I got diagnosed in March with under active thyroid and have been experiencing a wide range of symptoms including rapidly cognitive decline. I posted on here not king about about my b12 being low and also Vit D .
B12- 264ng (211ng-911ng) ( SEP)
403ng (211-911ng) Dec.
serum vit D is 59nmol ( 50-250nmol) (Dec )
I have been taking b12 spray since September as Dr wouldn't out me on injections! Hence why it's gone up. My vit D is still low though.

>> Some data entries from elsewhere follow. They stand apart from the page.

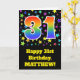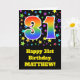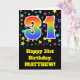 The front of this exciting, fun, and vibrant birthday greeting card design features a colourful star field inspired pattern, along with the number "31" having a multicolored rainbow spectrum like gradient pattern, on a black coloured background. The front also features a birthday greeting message, including a customisable recipient name. The inside features a customisable birthday greeting message, or could perhaps be cleared and left blank if a message is to be written by hand instead. A customisable birthday card like this might be a fun way to acknowledge somebody’s thirty first birthday. [~Z0000348]
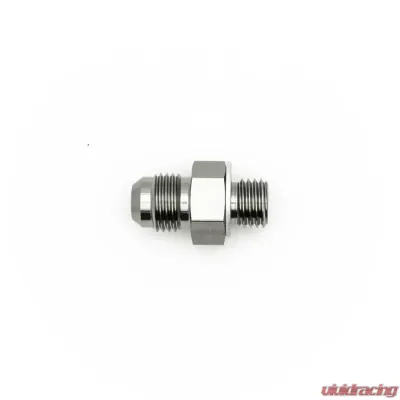 Introducing the 6AN Male Flare to M12 X 1.5 Male Metric Adapter, complete with a crush washer and finished in a sleek anodized DW Titanium. This adapter is designed to meet your automotive needs with style and functionality.
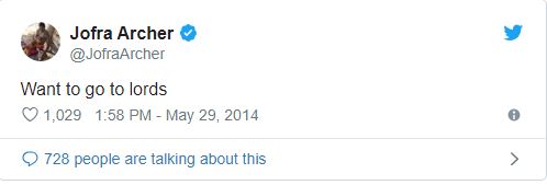 Here are the set of Jofra Archer’s tweets ranging from the year 2013 to 2018 that find uncanny resemblance in England’s journey from the semi-finals vs Australia to playing the finals at the iconic Lord’s Cricket Ground.
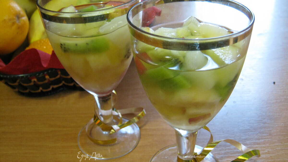 - Шаг 1В ананасовом соке распускаем желатин. Если не сильно разбух можно отправить в микроволновку на пару секунд, чтоб он дошел. Фрукты нарезаем кубиками и отравляем в бокал. Заливаем нашим соком и отправляем в холодильник на пару часиков. В этом десерте можете использовать разнообразные фрукты и соки на ваш вкус. Приятного аппетита!
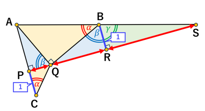 この図形から、三角形ABQと三角形QCPが相似、また三角形BQRと三角形QAPも相似であることがわかります。これらの相似関係を利用すると、辺BRとPCの長さが等しくなることが示され、これを 1 と設定しておきます。
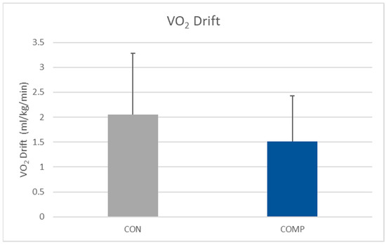 Average VO2 drift for both the Control (CON) and Compression (COMP) conditions. Averages (SE) were calculated as the difference between average VO2 of the first and last five min of steady state running during the 40 min trials.
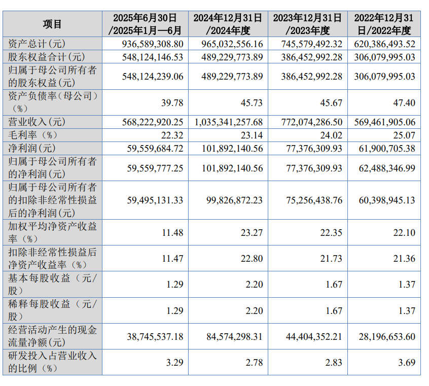 报告期内(2022年至2025年上半年),拓普泰克的营业收入分别为5.69亿元、7.72亿元、10.35亿元、5.68亿元;净利润分别为6190.07万元、7737.63万元、1.02亿元、5955.97万元。
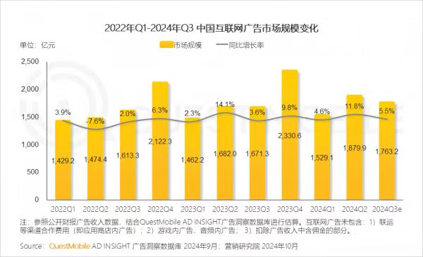 11月5日,国内知名的商业智能数据服务商QuestMobile发布了中国移动互联网2024年秋季报告。数据显示,截止到2024年9月份,移动互联网月
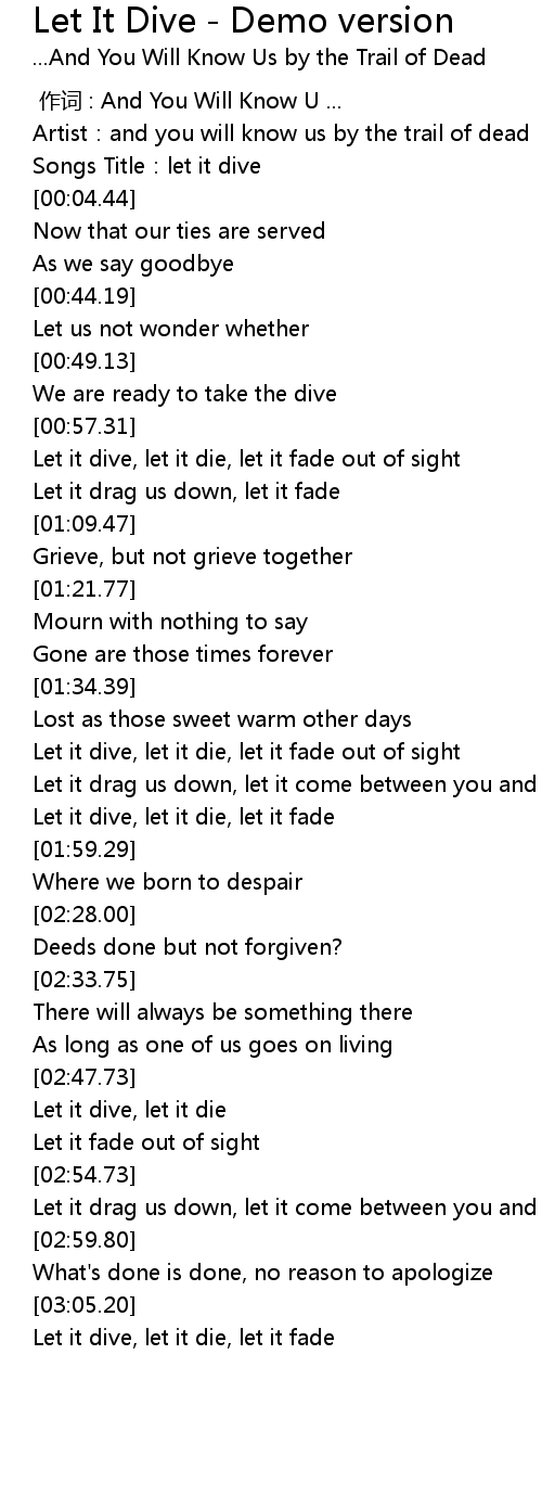 | [03:07.33] | Let it dive, let it die, let it fade |
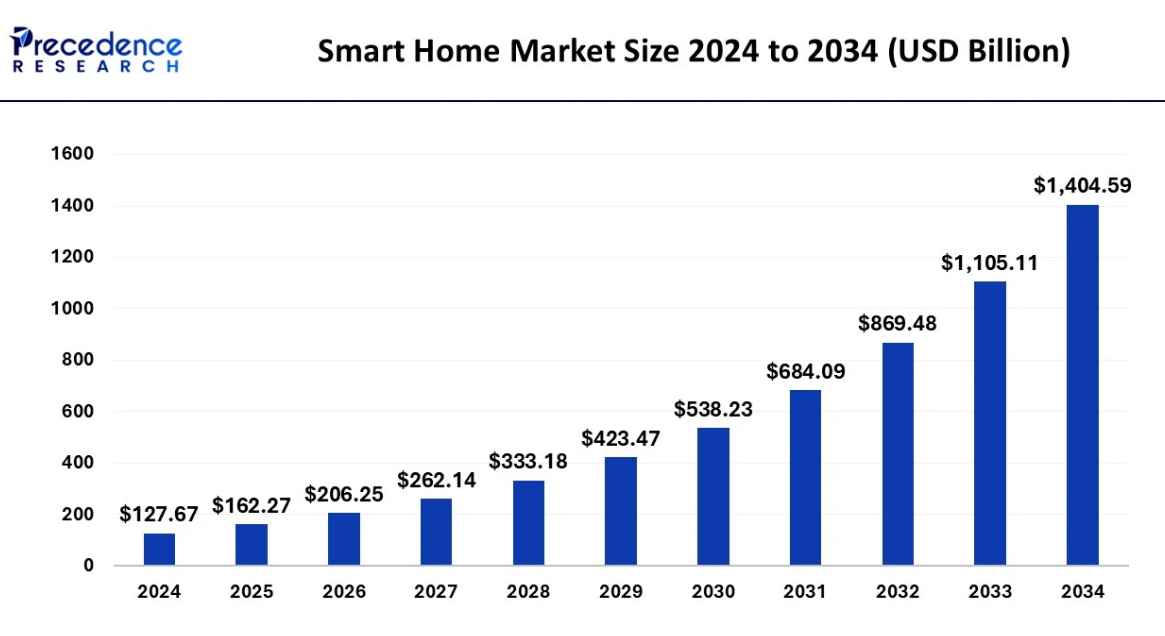 数据显示,2024 年全球智能家居市场规模达 1276.7 亿美元,到 2034 年预计增长至 1.4 万亿美元,年复合增长率高达 27.1%。
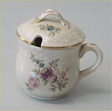 Beskrivelse: Royal Copenhagen Frijsenborg 1594-910 Sennepskande 8 cm Blomstermotiver på svejfet stel med guldkant.

I have been suffering excessive gas,bloating floaty stools and still suffering with bad constipation , for the past 6 or months! I have read up more about Thyroid issues and apparently you can have Coeliac disease too?

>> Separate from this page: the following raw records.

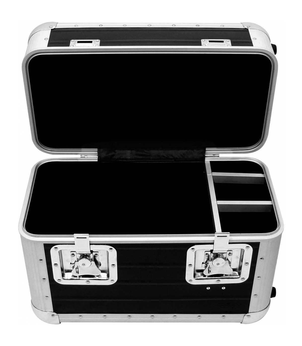 Con il recordcase TP-70 XT Zomo ha un DJ case nel suo programma, che può essere rotolato molto comodamente al set successivo grazie alle 3 ruote integrate e il braccio generoso. All' interno c' è spazio per circa 70 LP e nei vani laterali separati c' è spazio per un microfono, telefono cellulare ecc. La case per vinile è pulita e di alta qualità rifinita e il compagno ideale per il DJ in viaggio.
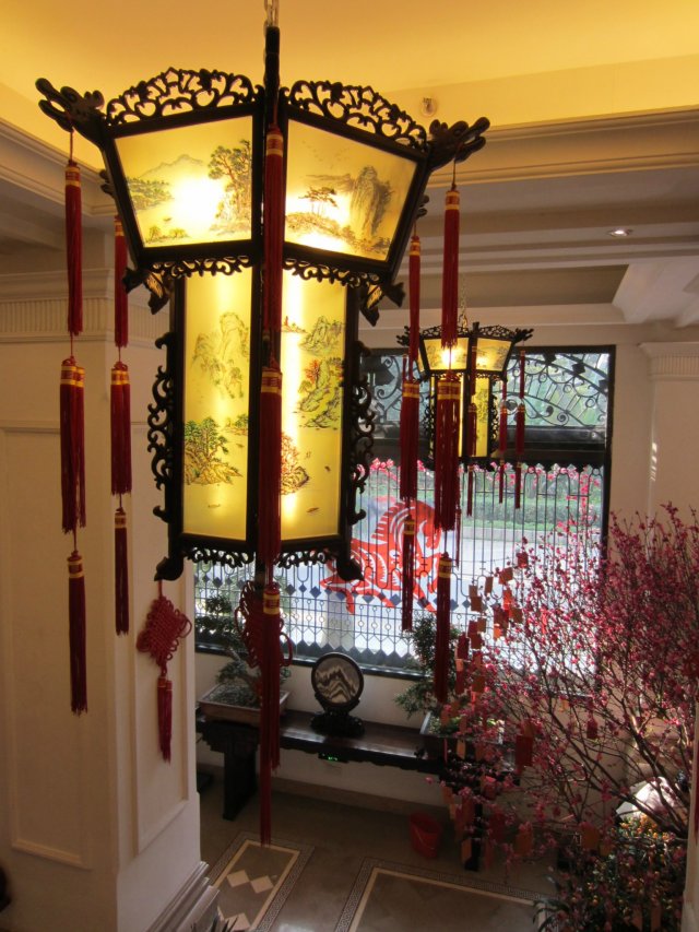 装修很古色古香,还高端大气上档次,新年了所以店内装饰都红当当非常喜庆,马形剪纸、大桃花、大吉、中国结等等。
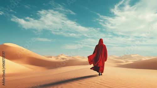 Solitary Monk Traversing the Vast Desert Landscape Symbolic Spiritual Journey
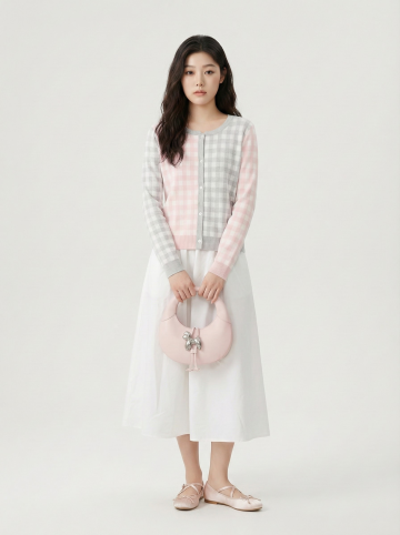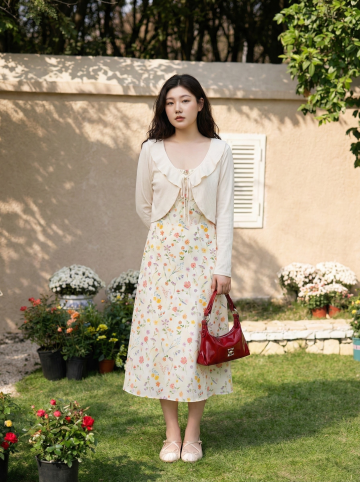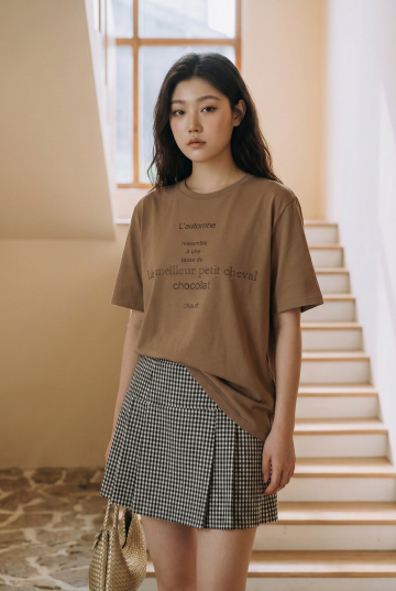 上身穿着看得见而不被下装遮盖的oversize 服装,让衣物保持自然垂坠的状态,不要把它们掖进裙子里,材质层:柔光激活面部 毛孔纹理 清晰呈现图案且保留布料纹理;摄影参数:85mm f2.0 定焦镜头,iso100,快门 1/200s,画面干净通透,主体细节真实自然,模特占比30%
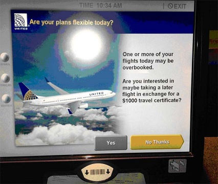 林小姐见事态升级,给自己辩白说:“我只是给你们翻译,这不关我的事,她把你的护照交给我,我也不知道怎么回事。”刘先生说:“你刚刚也说了是超售,怎么她的态度还这么恶劣?”林小姐连忙说:我可没说,我可没说!但后来,美联航其他工作人员也告诉刘先生,正赶上圣诞节,机票超售许多。刘先生在美联航的登机屏幕上,也看到这样的信息:您乘坐的飞机超售,如果自愿推迟出发一天,可以获得1000美元的补偿。

I have mentioned this to my Dr this morning because this is why my b12 maybe low as it causes the malabsorption of vitamins. I have also stressed to her that the 50mg I am on is not enough for my symptoms and according to my records on patient access my levels are creeping up. Here is a list
12 March - *Diagnosed* 6.20 (0 .30-5.00nmol)

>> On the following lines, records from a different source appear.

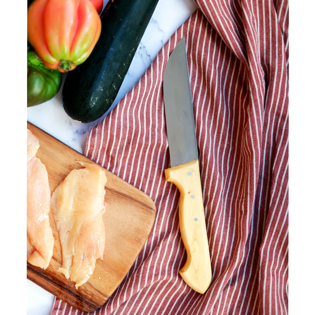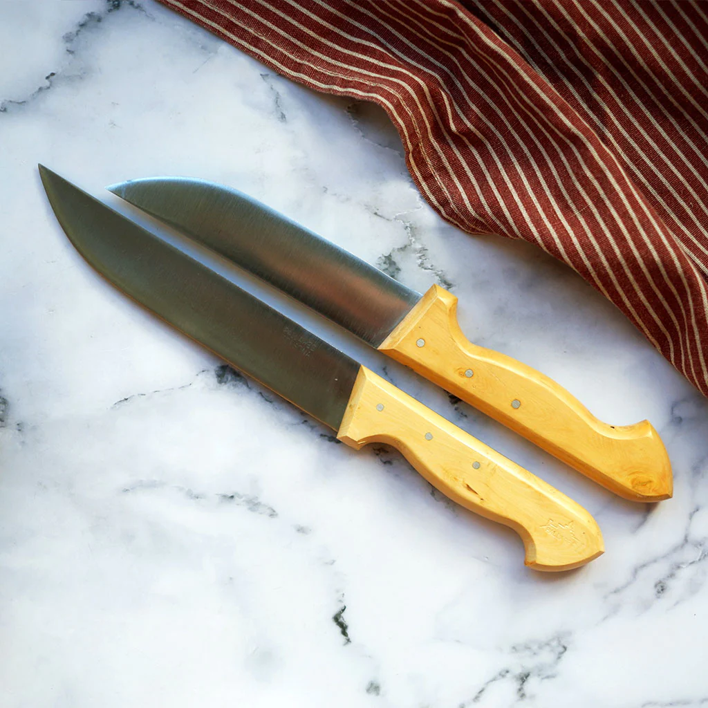 Su hoja ancha de acero al carbono hace de ellos unos cuchillos perfectos para el corte y la manipulación de la carne, así como de piezas de verduras grandes. Son unos cuchillos ideales por la resistencia y durabilidad de su hoja. Cuentan con un mango ergonómico de madera de boj que facilita su manejo y permite usarlos de forma cómoda. Su diseño elegante, con cierto aire clásico, los convertirá en imprescindibles en tu cocina.
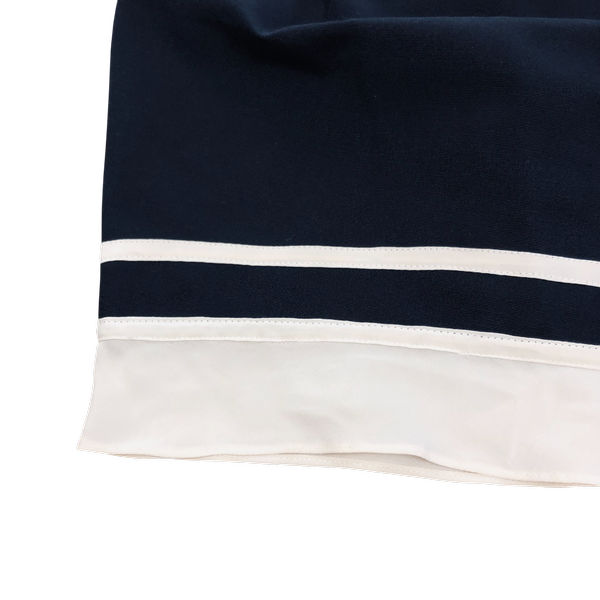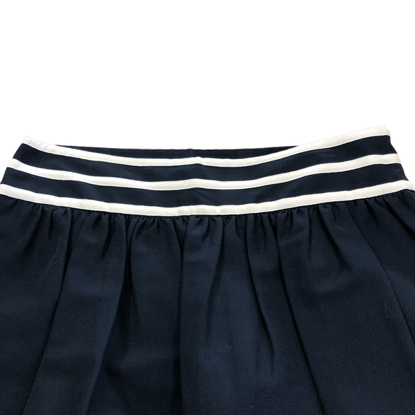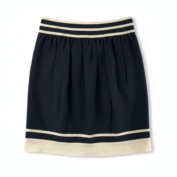 落ち着いたブラックに配色ラインが映える、上品で使いやすいスカートです。
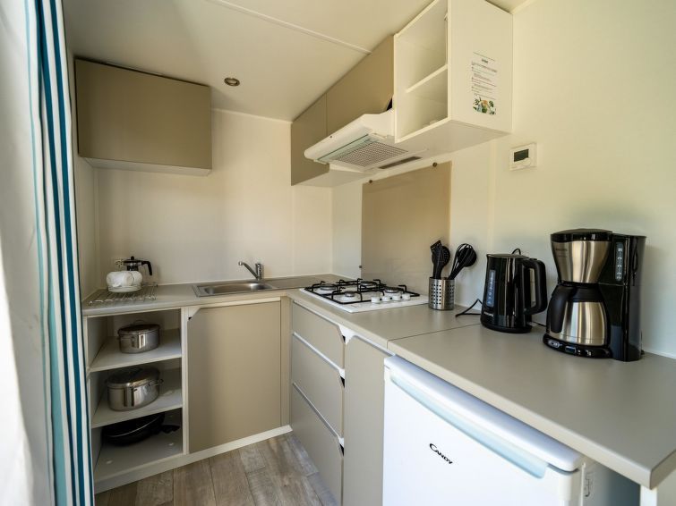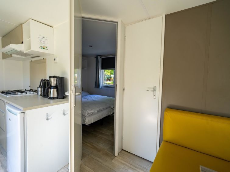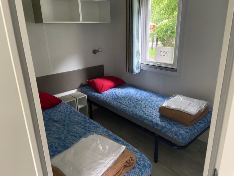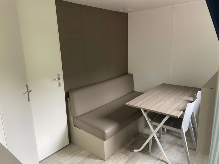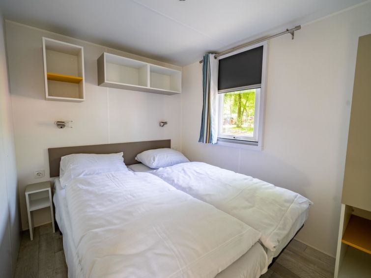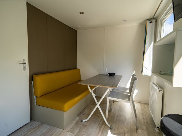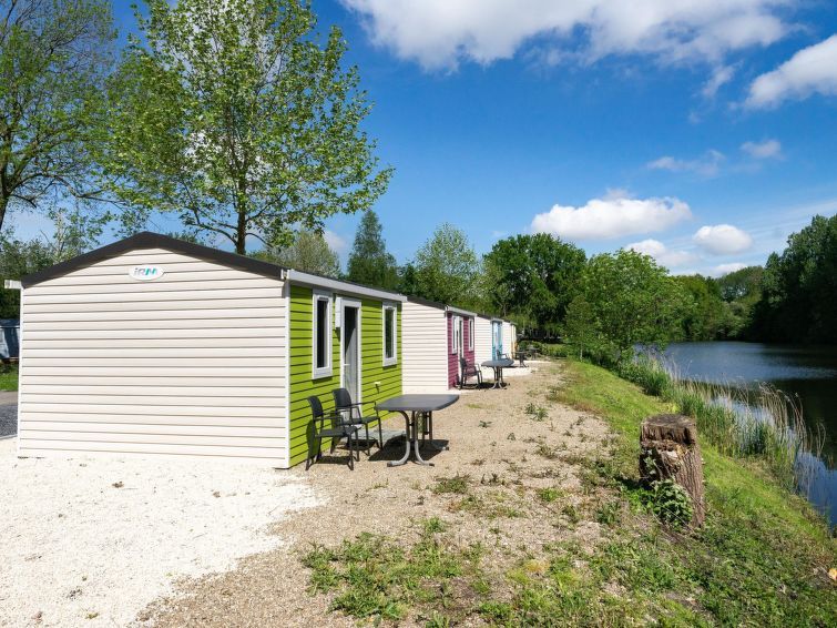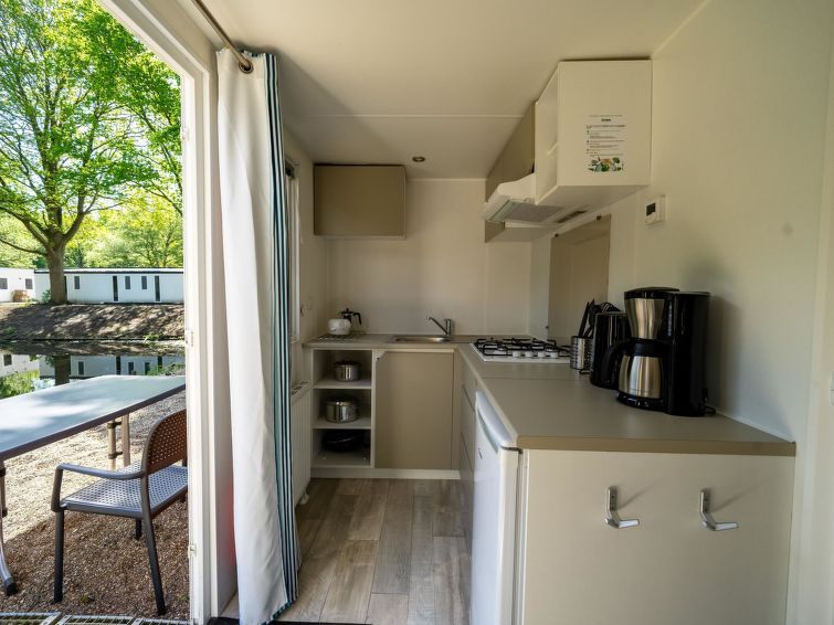 "Berkel 2", 2-room house. Simple furnishings: living/dining room with dining table and TV. Exit to the terrace. 1 small room with 2 beds. Open kitchen (kettle, electric coffee machine). Shower, sep. WC. Heating. Terrace. Terrace furniture. Facilities: children's high chair, baby cot.

23 June - 1.99 (0.30-5.00nmol)
16 Sept - 2.95( 0.30 5.00 nmol) *proper jumped up especially experiencing the cognitive impairment and decline!)
8 Dec - 2.50 (0.49-5.23 nmol)
Serum T4 14pmnol/L (11-22pmol/L)
Dr has agreed to up my dosage to 75mg taking the 25mg on alternative days. This is only because I got upset 😔. I will be taking the 25mg on alternative days! She kept saying my levels were normal but I said they have crept up! She agreed to up it!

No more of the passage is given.